Out of 38 patients with a score ≥5.0, 24 (63.2%, 95%CI 46.0–78.2%) developed HUS. All patients (95%CI 59–100%) with a score ≥6.0 developed HUS.

Potentially in these high risk patients development of HUS could have been averted by early aggressive measures to reduce intestinal bacterial and toxin load. It is possible that strategies including intravenous volume expansion [22]and, if tolerated, gastrointestinal washing with macrogol may have a prophylactic effect if provided early and reduce stx release before intravascular thrombin generation occurs which heralds the hemolytic uremic syndrome [23]. This may be particularly true given the enteroaggregative properties of this novel strain.

STEC infection and HUS are highly dynamic diseases and all clinical decisions need to relate to the time in illness at which patients present for care. In a sensitivity analysis we therefore restricted our model to patients who presented early (within 4 days) for medical care. However, the estimates yielded were similar to the ones in the main analysis.

Rather than identifying patients at no risk, our score allows classification of patients at particularly high risk for developing HUS who should receive early and aggressive preemptive treatment.
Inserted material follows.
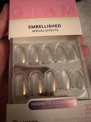 [This review was collected as part of a promotion.] I tried the KISS Glam Embellished Press-On Nails (Short) and they’re so pretty in person. The magnetic chrome finish gives a subtle, glossy shine that looks salon-done. They were easy to apply, comfortable to wear, and stayed put without feeling bulky. Perfect for a quick, polished manicure at home.

Until more specific markers to further stratify patients at low and intermediate risk have become available and this score has been validated in further studies we recommend routine follow-up for all patients with proven STEC infection. Pre-emptive therapy that is not associated with risks or adverse events should not be withheld based upon perception of no risk.

The present study has some limitations: Firstly, a large number of patients had to be excluded due to incomplete laboratory data or missing consent which may inflict selection bias. Moreover, only larger hospitals including two university medical centers contributed data to the study and patients with HUS at first medical contact were excluded in this analysis of prospective risk factors. Milder cases possibly did not report to medical services or were exclusively treated by general practitioners and, hence, may have been underreported. On the other hand, patients could have declined participation due to severe disease which could have led to insufficient capture of severe cases. However, the overall HUS rate in our study is even higher than the national reported rate and the high proportion of outpatient cases (29.3%) in our study adds valuable information about patients with STEC infection and lower risk for HUS. Secondly, the questionnaires initially used were not standardized leaving some of the data incomplete. Some patients who presented to participating hospitals deteriorated quickly before they could be assessed by a physician involved in the research. In those cases, missing data were retrospectively collected as soon as possible. However, information on the risk factors analyzed in our model was consistently available in all individual cohorts. The outbreak was unexpected and enrollment into the study and harmonization of data collection could only start after ethical clearance was obtained. Nevertheless, the demographic structure of our study population is comparable to the nationwide outbreak description. Lastly the proposed risk score is only valid for the population studied and without validation cannot be extrapolated to outbreaks including different strains, sporadic cases, or other populations such as children. Further validation by an independent data set is particularly necessary before the risk stratification score should be used in a wider clinical context.

In conclusion, this analysis identifies vomiting, visible blood in stools, age>75 years and higher leukocyte counts as risk factors for development of HUS among adults infected with STEC O104:H4. A risk score including these four factors may help identify high risk patients who are at risk for imminent HUS and require aggressive preemptive treatment to prevent or mitigate the devastating consequences of HUS.